It’s that time of year again; time to shuffle out of the cold and into the ole Bres to cheer on some excessively tall Spartans. Of course, nobody wants to do it alone, so pull on your Mr. Roger’s cardigan, because it’s about to get friendly in here.
The Lone fan Whispering to the Players from The Ozone:
Maybe you’re a freshman. Maybe you weren’t feeling the whole Hoth vibe The Campout always seems to have. However you got here, the fact is that you’re stuck squinting at what looks like ants chasing after the last Cheetos Puff, and now you’re just a hungry freshman without Cheetos Puffs. Let’s add a friend to this thrilling mix, shall we? Thank goodness the band is miles away so you can hear this magician in his element; this whispering wizard is the ace up Izzo’s Nike-sponsored sleeve. His soft coos are barely audible three feet from his lips, but an enthusiastic fist pump after a successful play proves he’s the brains of the operation. We haven’t seen puppeteering this good since ‘NSync’s “Bye Bye Bye” music video, and that was really something. In reality he is pulling the entire team, and it’s time we showed him a little respect.
That Guy in a Bear Suit:
A bear in the Bres; now who wouldn’t want to hear that story? Was his father Yogi, or was he bitten by a radioactive bear? Word on the street is he can climb trees just like a bear, he drinks water out of the Grand River, and he sometimes eats fish. Wow! If there’s not a heart of gold in there, we don’t know what there is! Probably a deep, burning desire to end forest fires. Or a less flammable desire.
WARNING: Don’t mention the Berenstain Bears. He hates that shit, and will go to his grave saying, “That Brother Bear is a candy-ass.”
Whoever Puts Down those Brown Paper Bags before the Game:
A true Samaritan. Who is this mystery man? Does he hide in the shadows during the game, eating a lunch he carried here cradled in his arms since all the brown paper bags were used to honor the beloved, tall man’s game? Nah, he doesn’t waste time brown bagging it, he’s gotta keep it fresh with that Tupperware. He’s probably got mom’s spaghetti up the wazoo, and not the projectile Eminem kind. If you want a brown banana, you can carry your sorry ass elsewhere. As Humphrey Bogart once said, “I think this non-moldy food is the beginning of a beautiful friendship.”
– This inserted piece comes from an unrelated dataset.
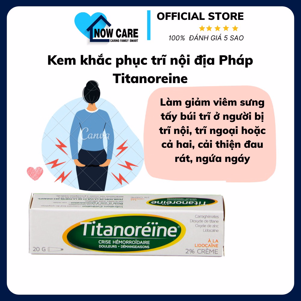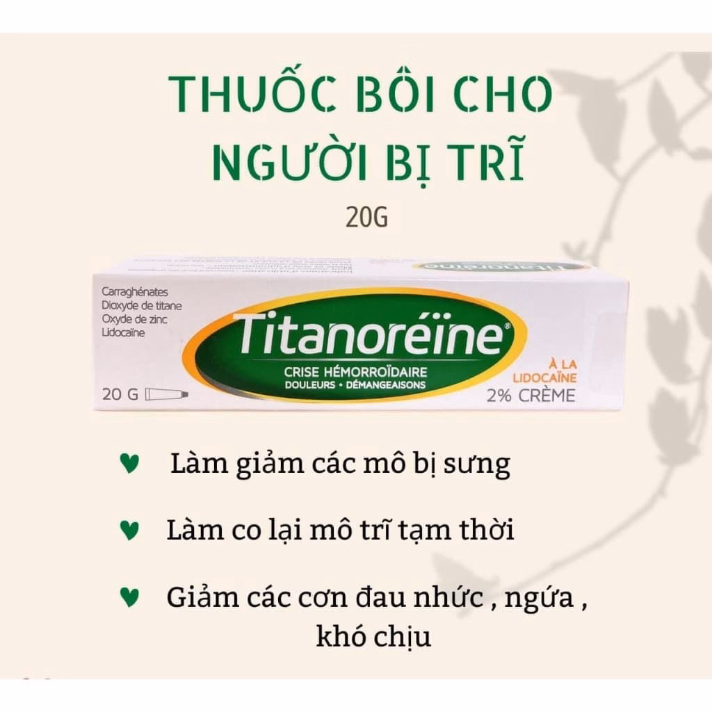 Kem bôi trĩ Titanoreine của Pháp giúp làm giảm các biểu hiện như ngứa, đau rát và sung huyết do trĩ gây nên. Bên cạnh đó, sản phẩm còn giúp hỗ trợ co búi trĩ.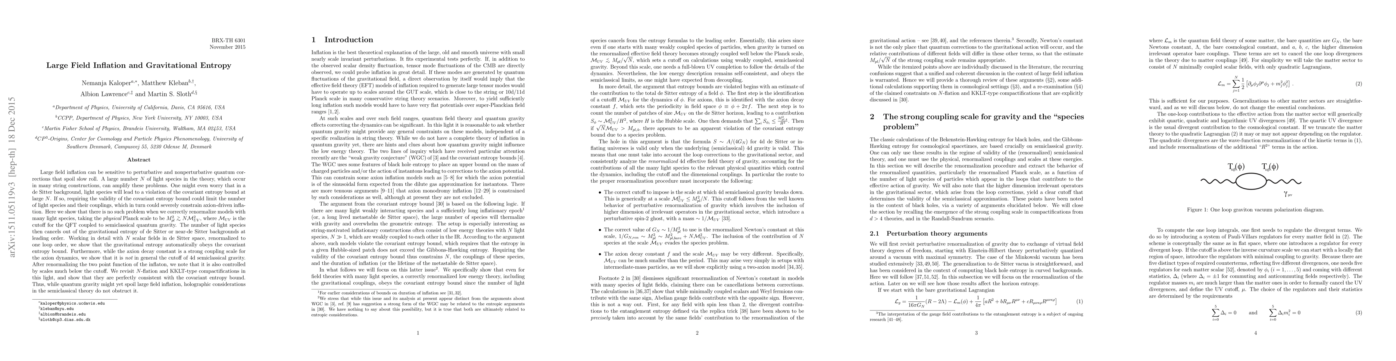 Large field inflation can be sensitive to perturbative and nonperturbative quantum corrections that spoil slow roll. A large number $N$ of light species in the theory, which occur in many string constructions, can amplify these problems. One might even worry that in a de Sitter background, light species will lead to a violation of the covariant entropy bound at large $N$. If so, requiring the validity of the covariant entropy bound could limit the number of light species and their couplings, which in turn could severely constrain axion-driven inflation. Here we show that there is no such problem when we correctly renormalize models with many light species, taking the {\it physical} Planck scale to be $M^2_{pl} \gtrsim N {\cal M}_{UV}^2$, where ${\cal M}_{UV}$ is the cutoff for the QFT coupled to semiclassical quantum gravity. The number of light species then cancels out of the gravitational entropy of de Sitter or near-de Sitter backgrounds at leading order. Working in detail with $N$ scalar fields in de Sitter space, renormalized to one loop order, we show that the gravitational entropy automatically obeys the covariant entropy bound. Furthermore, while the axion decay constant is a strong coupling scale for the axion dynamics, we show that it is {\it not} in general the cutoff of 4d semiclassical gravity. After renormalizing the two point function of the inflaton, we note that it is also controlled by scales much below the cutoff. We revisit $N$-flation and KKLT-type compactifications in this light, and show that they are perfectly consistent with the covariant entropy bound. Thus, while quantum gravity might yet spoil large field inflation, holographic considerations in the semiclassical theory do not obstruct it.

What a social butterfly. This fella loves interaction, and is a real item for the lads and lasses; they can’t keep their hands off him. This guy knows how to score, is not too huge on traveling, but he’ll pretty much roll with anything. He likes to make stupid jokes like he’s “having a ball,” but once that comedic cover deflates, you really get to see what brought Tom Hanks and Wilson together.
Snatch up these one-of-a-kind compadres while they’re hot; we’re sure you’ll be burning couches together in no time! Happy Hunting!